Xi Jinpeng defected, his new buddies would have a hell of a time
pronouncing his name correctly. For that
matter, were I to print “Xi Jinpeng” in a Chinese newspaper, the only comment
that would produce is “who stuck some random English letters into our paper?”
Now, back to the doctor.
She is from the Indian subcontinent and her name sounds like the letters
and cadence that names from there seem to me to.[4] I find that some doctors from that region are
referring themselves to patients they meet briefly as “Dr. Dev.” Apparently, the surname “Devabakthuni” is
common in India, sorta like “Smith” and those doctors frequently shorten it to “Dr.
Dev,” which is short and easy to pronounce, without diphthongs, digraphs or consonant
blends.
Back to the jar filled with marbles. That won’t last forever in a truly
transcultural world. The image should be
a jar of especially thick paint. Sure,
you can still see the colors that go in, but sooner or later, everything will
mix.
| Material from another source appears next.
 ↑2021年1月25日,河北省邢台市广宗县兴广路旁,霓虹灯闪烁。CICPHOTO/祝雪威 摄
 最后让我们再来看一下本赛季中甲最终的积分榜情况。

America is STILL the primary place
where people emigrate to. First the
freely possible off-the-books immigration and the current press to reverse the
off-the-books thing have NOT changed the
direction that many people want to move.
We will have more and more “strange” surnames moving to the U.S. Oh, how about not “strange” but “sounds
strange and is hard to pronounce for someone whose milk language is
English.
The answer? Oh, yes,
I have an answer, but it’s not an immediate fix-all. It’s patience. Native English speakers, try to pronounce
someone’s name as they pronounce it. If
it’s tough, ask them. Americans are
largely polite people. “XI Jinpeng” knows
that an English mouth has a rough time wrapping itself around his name, probably
as much as a Chinese mouth has trouble pronouncing Donald Trump or Marco Rubio.
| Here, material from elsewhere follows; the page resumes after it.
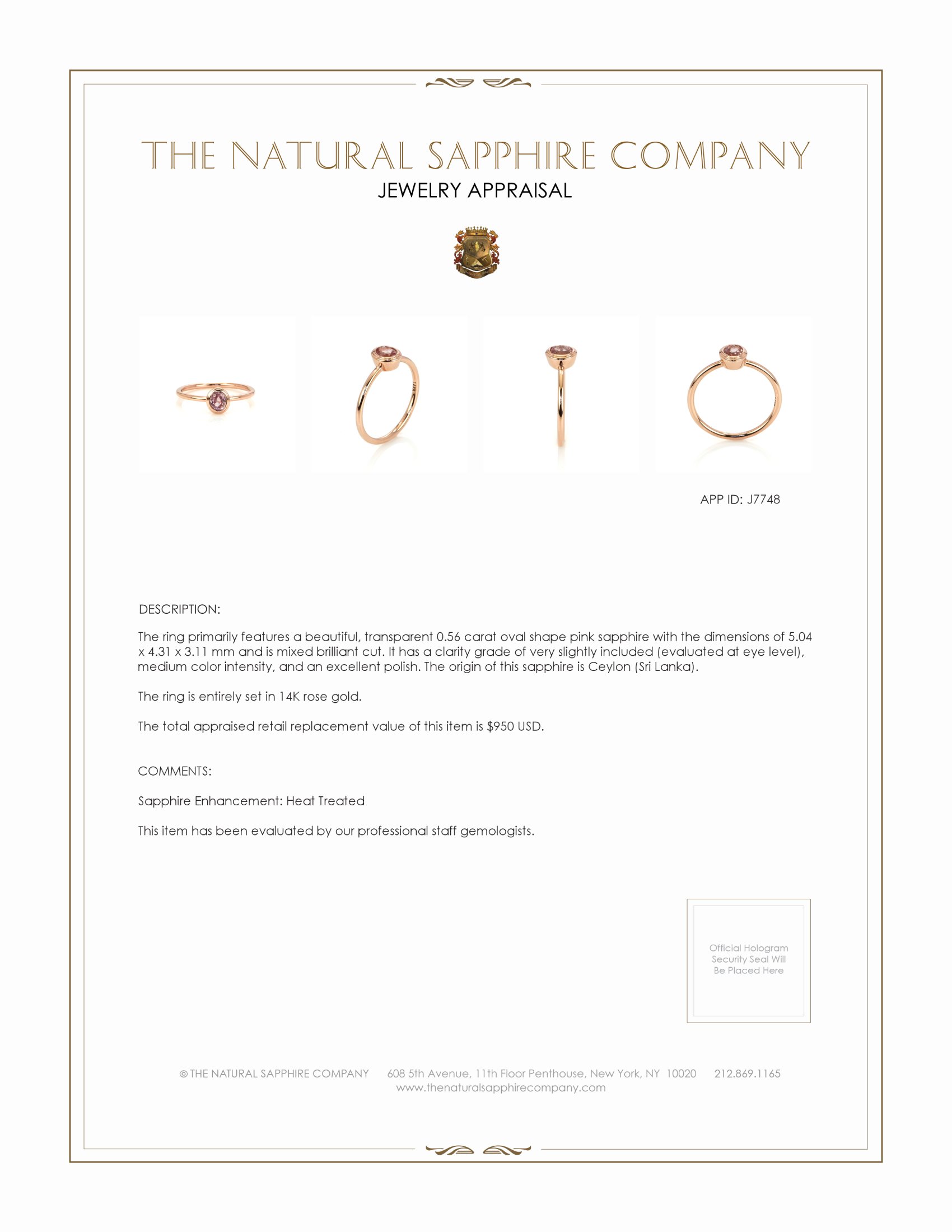 The ring primarily features a beautiful, transparent 0.56 carat oval shape pink sapphire with the dimensions of 5.04 x 4.31 x 3.11 mm and is mixed brilliant cut. It has a clarity grade of very slightly included (evaluated at eye level), medium color intensity, and an excellent polish. The origin of this sapphire is Ceylon (Sri Lanka). The ring is entirely set in 14K rose gold.

We will have more names to learn how to pronounce. Do it patiently. But do it.
[1] It’s
late. I’m sitting up in bed. I’m lazy.
Do your own math if it bothers you.
[2]
And, again, am too lazy to look up.
[3]
See above reverence to my being in bed and lazy.
[4] A
grammatical note: A preposition is a
terrible thing to end a sentence with.
Unless you don’t have anything else to end it with.